When you restate the data, keep every word as it is and drop the images.

* _Source material_:
____
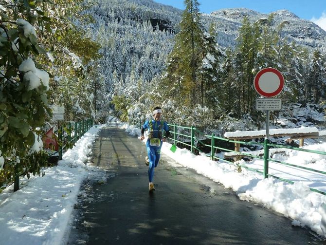 Più forte degli avversari e della neve. Questa mattina Dennis Brunod si è imposto nella prima edizione del Mont Avic Trail, gara che lui stesso ha ideato e disegnato. Il maltempo ha costretto l’organizzazione a rinviare la partenza e modificare i percorsi un paio di volte: alla fine lo start è avvenuto alle ore 10, quando il sole aveva già fatto capolino tra le montagne, e i due tracciati sono diventati di 20km il più lungo (dai 30 originariamente previsti, ndr), ai 10km della gara breve.
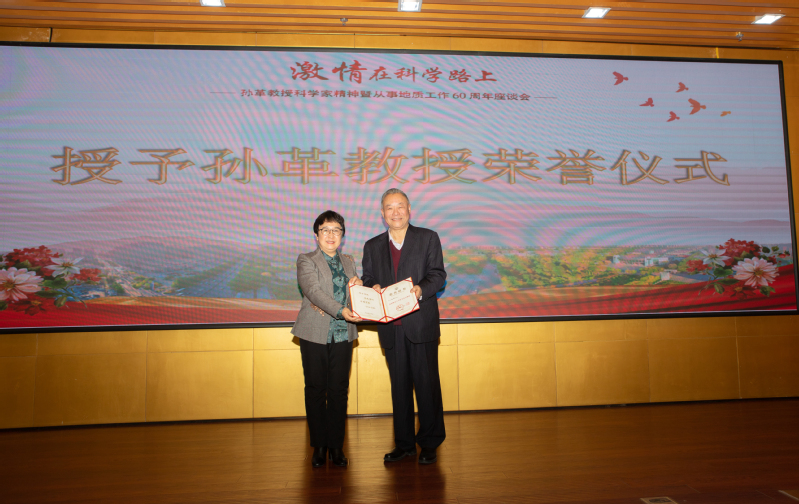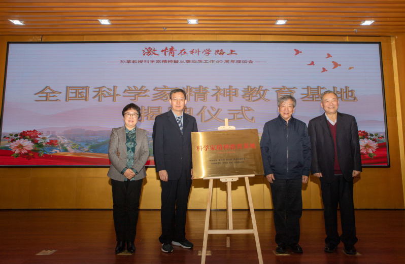 会议最后,杨松董事长代表学校授予孙革教授“终身荣誉教授”称号;学校领导和与会嘉宾还为我院古生物博物馆“全国科学家精神教育基地”“孙革教授从事地质工作60周年事迹展”“孙革教授荣誉工作室”举行了揭牌仪式。
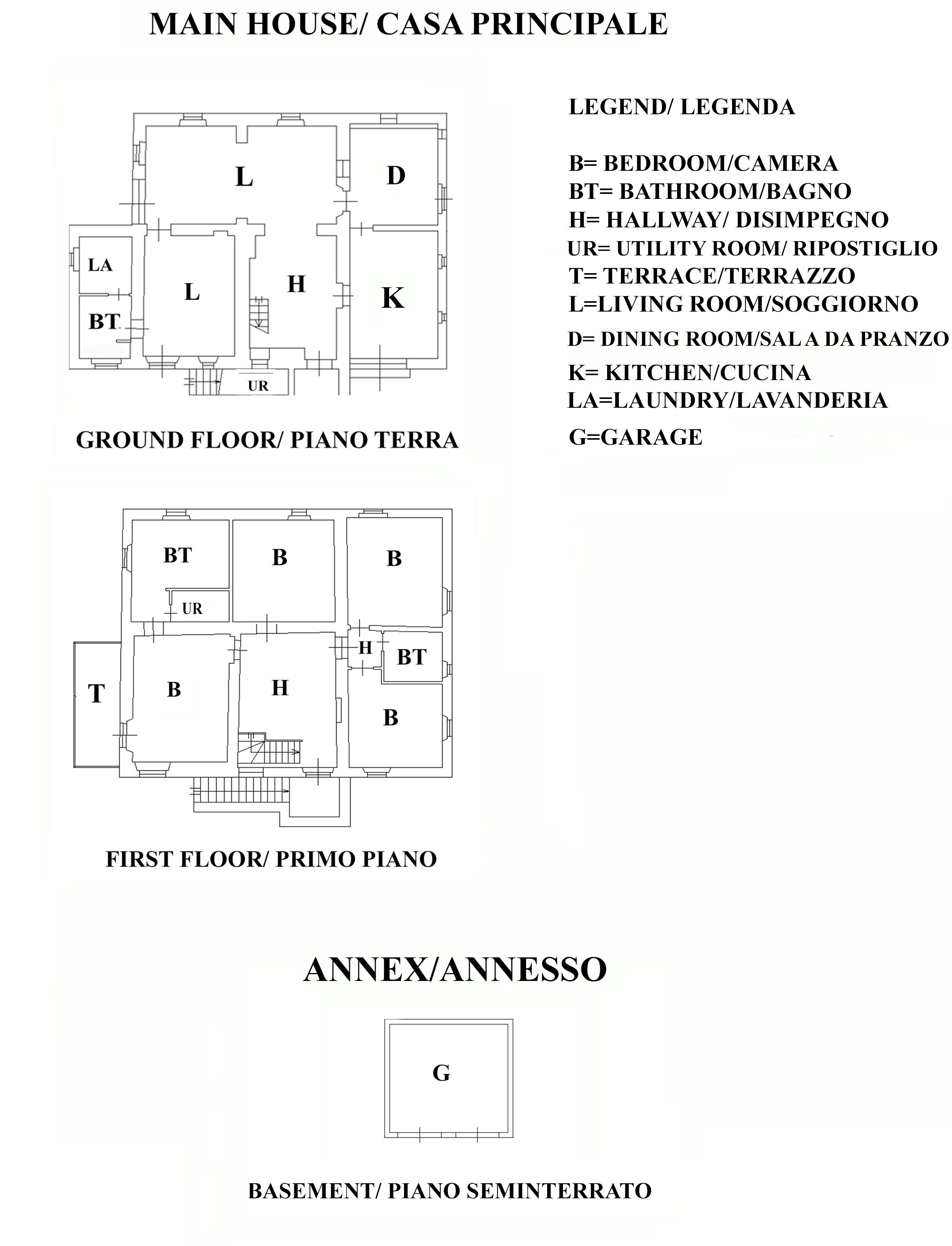 Il meraviglioso casale in pietra è disposto su due piani per circa 336 mq complessivi e al suo interno è composto come segue:
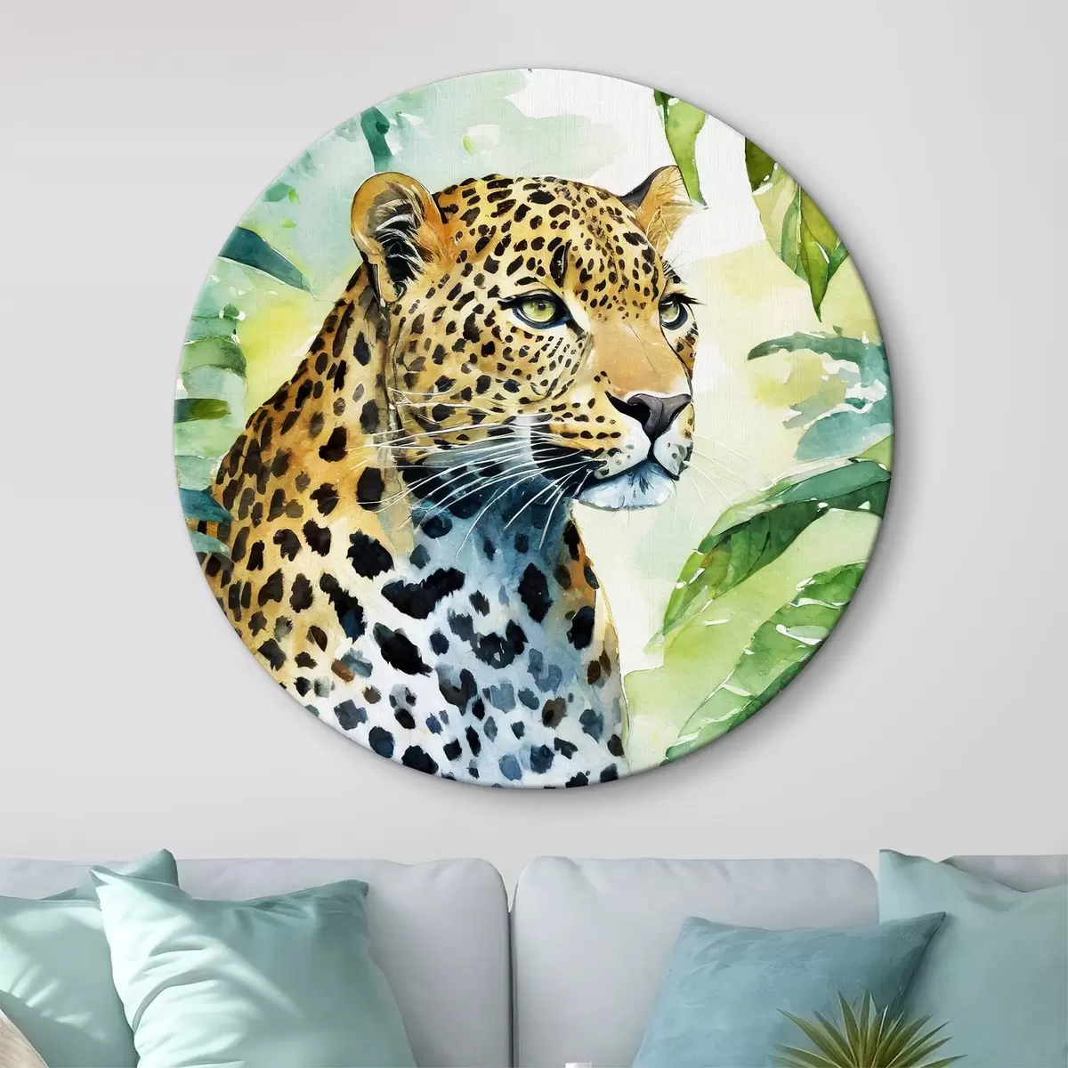 Runde Wandbilder Aquarell eines Leoparden Nr r37341
____
* _Completed exercise_:
 Più forte degli avversari e della neve. Questa mattina Dennis Brunod si è imposto nella prima edizione del Mont Avic Trail, gara che lui stesso ha ideato e disegnato. Il maltempo ha costretto l’organizzazione a rinviare la partenza e modificare i percorsi un paio di volte: alla fine lo start è avvenuto alle ore 10, quando il sole aveva già fatto capolino tra le montagne, e i due tracciati sono diventati di 20km il più lungo (dai 30 originariamente previsti, ndr), ai 10km della gara breve.
 会议最后,杨松董事长代表学校授予孙革教授“终身荣誉教授”称号;学校领导和与会嘉宾还为我院古生物博物馆“全国科学家精神教育基地”“孙革教授从事地质工作60周年事迹展”“孙革教授荣誉工作室”举行了揭牌仪式。
 Il meraviglioso casale in pietra è disposto su due piani per circa 336 mq complessivi e al suo interno è composto come segue:
 Runde Wandbilder Aquarell eines Leoparden Nr r37341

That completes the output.